Almondine is an integral part of the Sawtelle family; as much a part of this small unit as John and Trudy and their new-born baby, Edgar. It was Almondine who served an almost mystical role in the Sawtelle home, her animal instincts presaging developments in Wroblewski’s narrative. In an early chapter titled, appropriately enough, “Almondine,” the story’s narrator describes the dog’s curiosity born of a type of sixth sense that something was going to happen despite her inability to ascertain precisely what it is that will happen. The chapter begins as follows:

“Eventually, she understood the house was keeping a secret from her. All that winter and all through the spring, Almondine had known something was going to happen, but no matter where she looked she couldn’t find it. Sometimes, when she entered a room, there was the feeling that the thing that was going to happen had just been there, and she would stop and pant and peer around while the feeling seeped away as mysteriously as it had arrived.”

The mysterious development would, we learn, be the introduction into the Sawtelle home of Edgar.
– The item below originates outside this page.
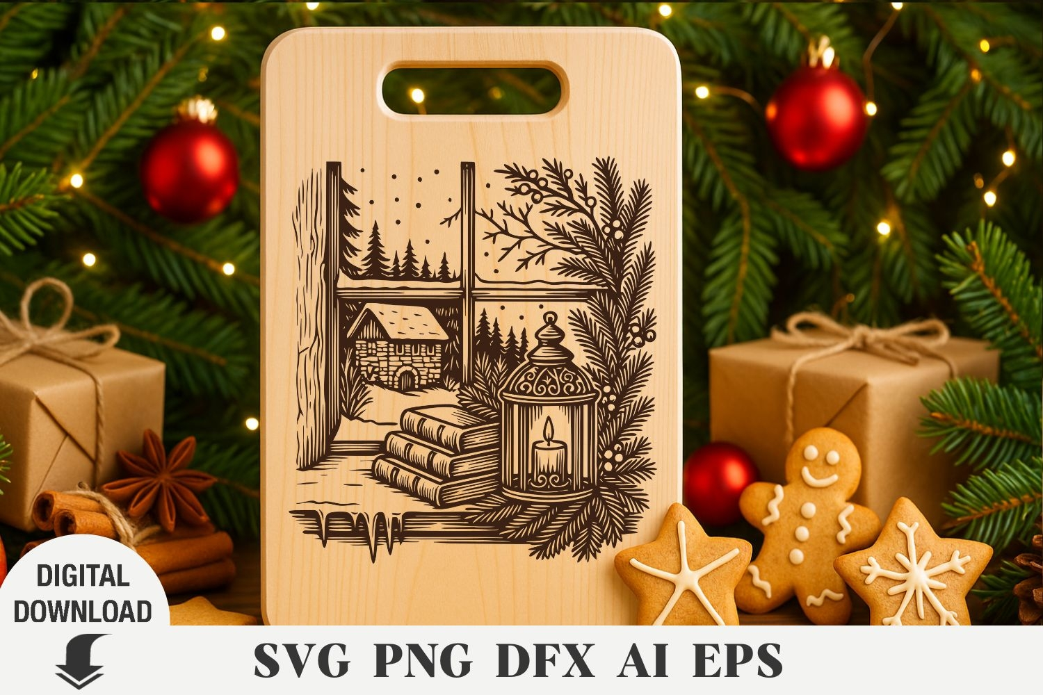 Christmas scene Laser cut , Cutting board, Christmas example image 1

As the reader discovers, much of The Story of Edgar Sawtelle is actually told from the dog’s perspective. Every development is presaged by Almondine’s premonitions of change, including the dog’s discovery of Edgar’s disability, his inability to speak. Noting the dog’s intuitive connection to her owners/family, the author writes:

“Somehow, Almondine concluded that they were worried about the baby, that something wasn’t right. And yet, she could see that the baby was fine: he squirmed, he breathed, he slept.”

So, we know form early-on that Almondine will play a major role in Edgar’s growth from baby to infant to child to budding teenager. Almondine is more than just Edgar’s companion, and a crucial means of communication for this mute boy. She becomes during the course of the story a symbiotic part of Edgar’s soul. Almondine, of course, dies, hit by a gravel truck, but the dog’s relationship to Edgar remains a constant theme in Wroblewski’s story, the visceral connection between dog and boy. In perhaps the novel’s most poignant passage, the narrator, in the last of the chapters titled “Almondine” (there are three spread-out through the novel), emphasizes once again the depth of this relationship. Having cryptically described Almondine’s death, Wroblewski now ends this chapter with the following:

“She stood broadside in the gravel and turned her head and asked her question. Asked if it had seen her boy. Her essence. Her soul. But if the traveler understood, it showed no sign.”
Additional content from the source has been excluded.